___ Material for this exercise

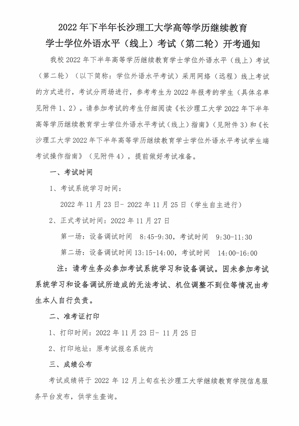 2022年下半年开云kaiyun体育高等学历继续教育学士学位外国语水平(线上)考试(第二轮)开考通知
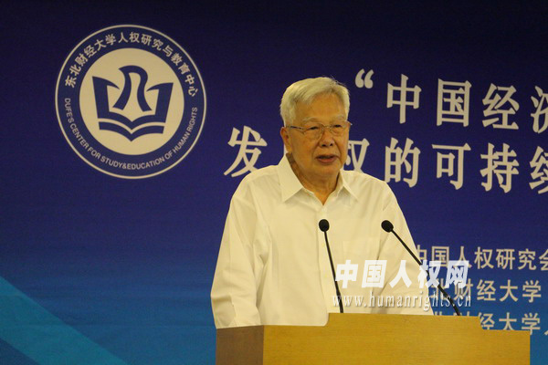 十屆全國政協(xié)副主席、中國人權(quán)研究會會長羅豪才出席研討會并致辭?!z影:石堅
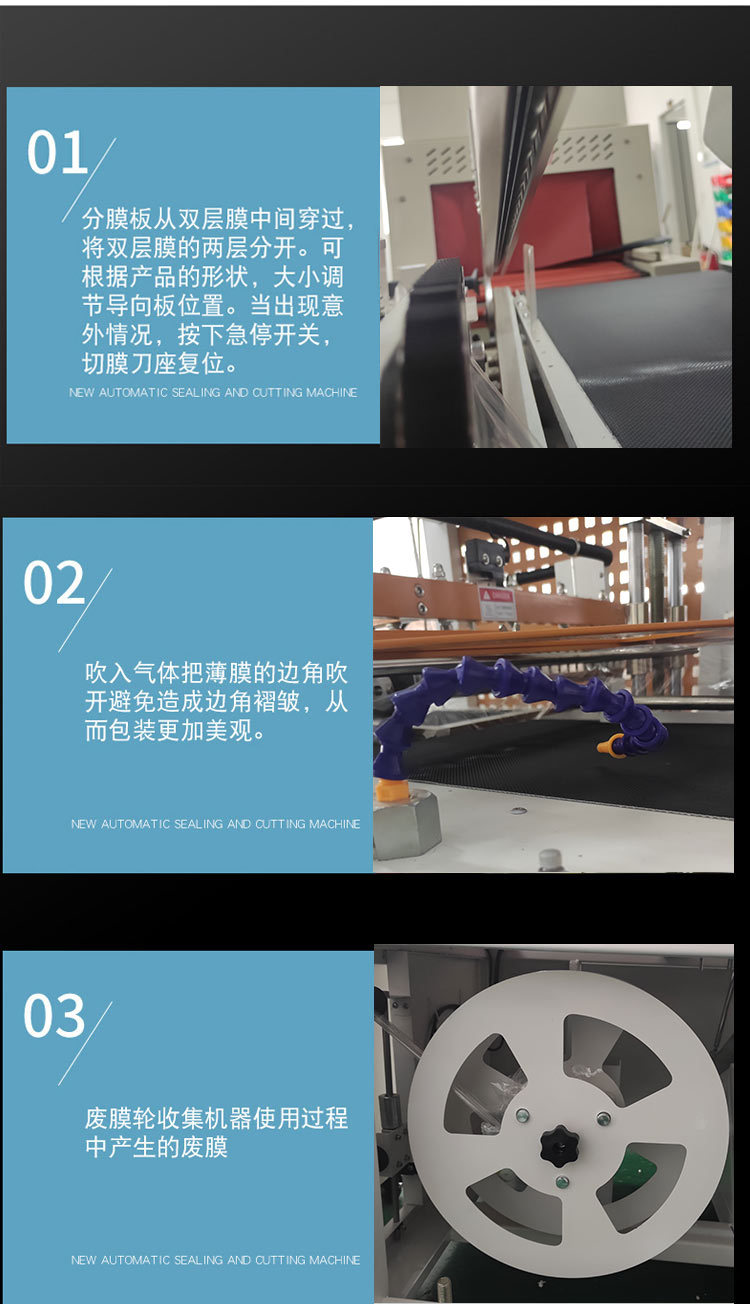 - 包裝品質高:采用先進的封刀系統和優質的電器元件,確保封口牢固、不開裂、不焦化、不冒煙,實現零污染,同時保證了機器的穩定性和耐用性。
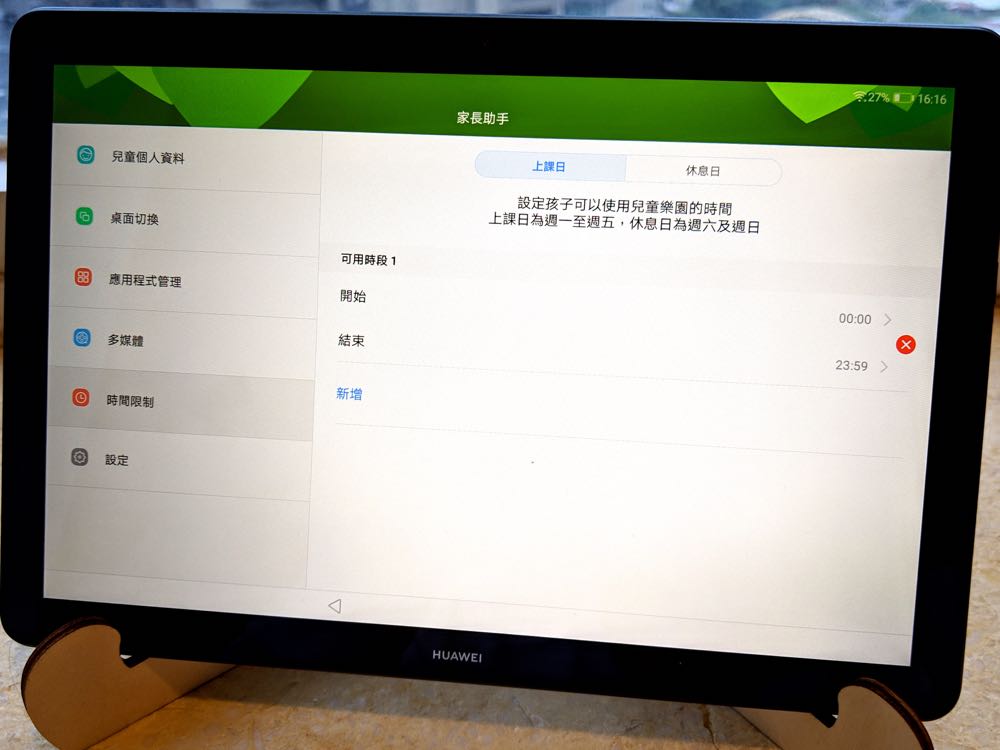 更進一步的家長還可以從「家長助手」裡設定小孩的使用時間,例如每天只能在幾點到幾點使用、每次只能用幾分鐘等,一來能夠保護小孩的眼睛,不用擔心他們使用太久眼睛會累,二來還可以讓小孩養成自律的習慣跟良好親子關係!
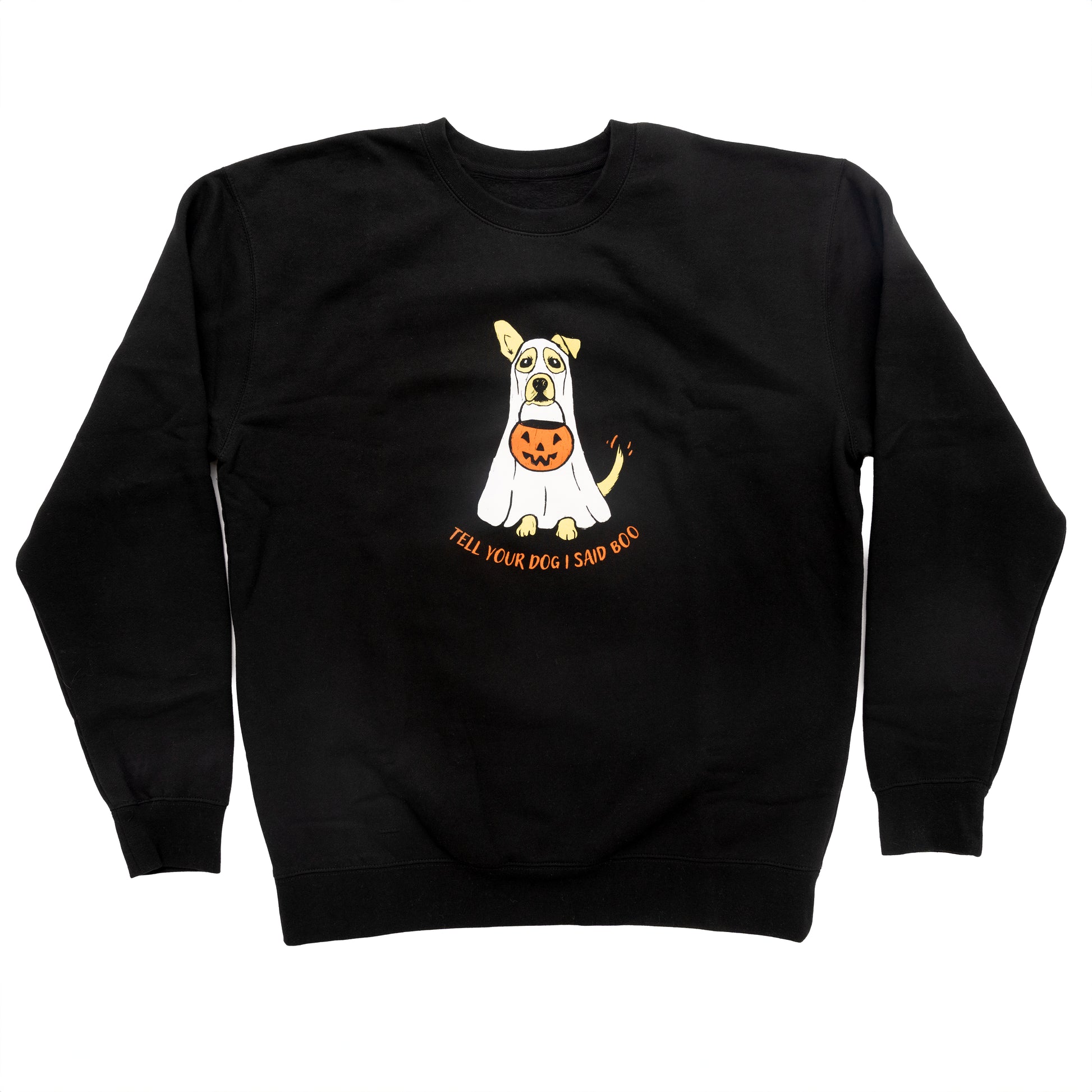 - tell your dog i said boo printed on the front with a spooky ghost dog
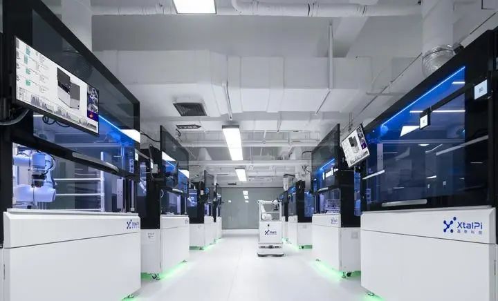 深港之間的河套深港科技創(chuàng)新合作區(qū)深圳園區(qū)內(nèi),深圳晶泰科技有限公司的工廠里,機(jī)器人工作站排成整齊的方陣。在玻璃圍成的工作臺(tái)上,機(jī)械臂熟練地操作試劑和粉末的稱(chēng)量、取樣,準(zhǔn)確地完成一步步化學(xué)合成反應(yīng),實(shí)現(xiàn)了端到端的智能化自動(dòng)化。
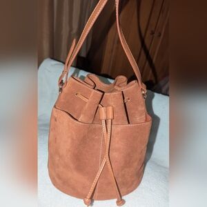 Chic suede shoulder bucket bag with drawstring closure. Two pockets on front. One slip pocket inside. Adjustable crossbody strap. Bag is like new never used. Perfect for daily wear. 9"-9"-6. 25"
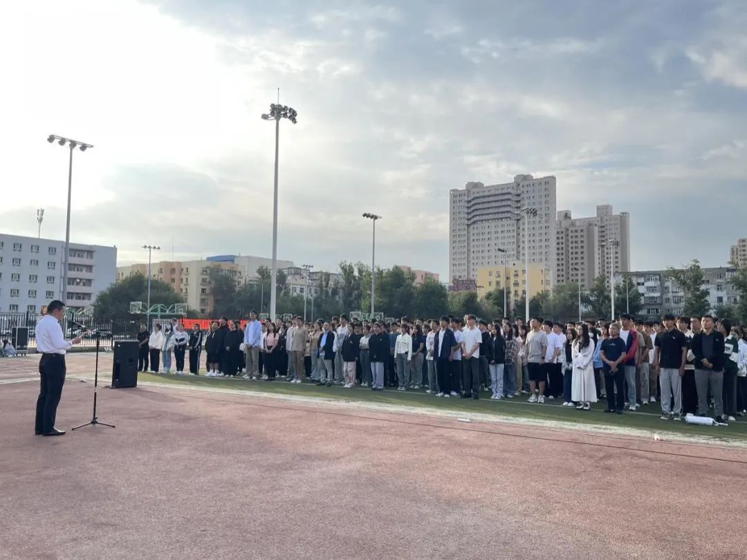 9月3日是中国人民抗日战争暨世界反法西斯战争胜利 79周年,为缅怀革命先烈,铭记抗战历史,弘扬伟大抗战精神,全面加强新时代爱国主义教育,激发广大学生的爱国之心、报国之情、强国之志,9月2日,我院举行“国旗下的开学第一课”暨“铭记历史,缅怀先烈”主题升旗仪式,学院领导、辅导员、2024级全体班主任、青葵助励小导师、分团委、学生会和2024级全体同学共计400余人参加活动,活动由分团委书记木力扎提·马合木提主持。
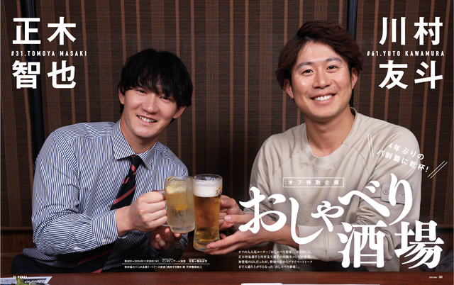 オフ大人気企画「おしゃべり酒場」の第二弾に登場したのは、正木智也選手と川村友斗選手。同級生でプライベートでも仲の良い2人。美味しいご飯とお酒を楽しみ、野球の話からプライベートなトークまで、たくさん語ってくれています。

______

What is needed is an exact copy of each line from the top of the data above through the line containing "Chic suede shoulder", with no pictures.

▶ _Solution_
 2022年下半年开云kaiyun体育高等学历继续教育学士学位外国语水平(线上)考试(第二轮)开考通知
 十屆全國政協(xié)副主席、中國人權(quán)研究會會長羅豪才出席研討會并致辭?!z影:石堅
 - 包裝品質高:采用先進的封刀系統和優質的電器元件,確保封口牢固、不開裂、不焦化、不冒煙,實現零污染,同時保證了機器的穩定性和耐用性。
 更進一步的家長還可以從「家長助手」裡設定小孩的使用時間,例如每天只能在幾點到幾點使用、每次只能用幾分鐘等,一來能夠保護小孩的眼睛,不用擔心他們使用太久眼睛會累,二來還可以讓小孩養成自律的習慣跟良好親子關係!
 - tell your dog i said boo printed on the front with a spooky ghost dog
 深港之間的河套深港科技創(chuàng)新合作區(qū)深圳園區(qū)內(nèi),深圳晶泰科技有限公司的工廠里,機(jī)器人工作站排成整齊的方陣。在玻璃圍成的工作臺(tái)上,機(jī)械臂熟練地操作試劑和粉末的稱(chēng)量、取樣,準(zhǔn)確地完成一步步化學(xué)合成反應(yīng),實(shí)現(xiàn)了端到端的智能化自動(dòng)化。
 Chic suede shoulder bucket bag with drawstring closure. Two pockets on front. One slip pocket inside. Adjustable crossbody strap. Bag is like new never used. Perfect for daily wear. 9"-9"-6. 25"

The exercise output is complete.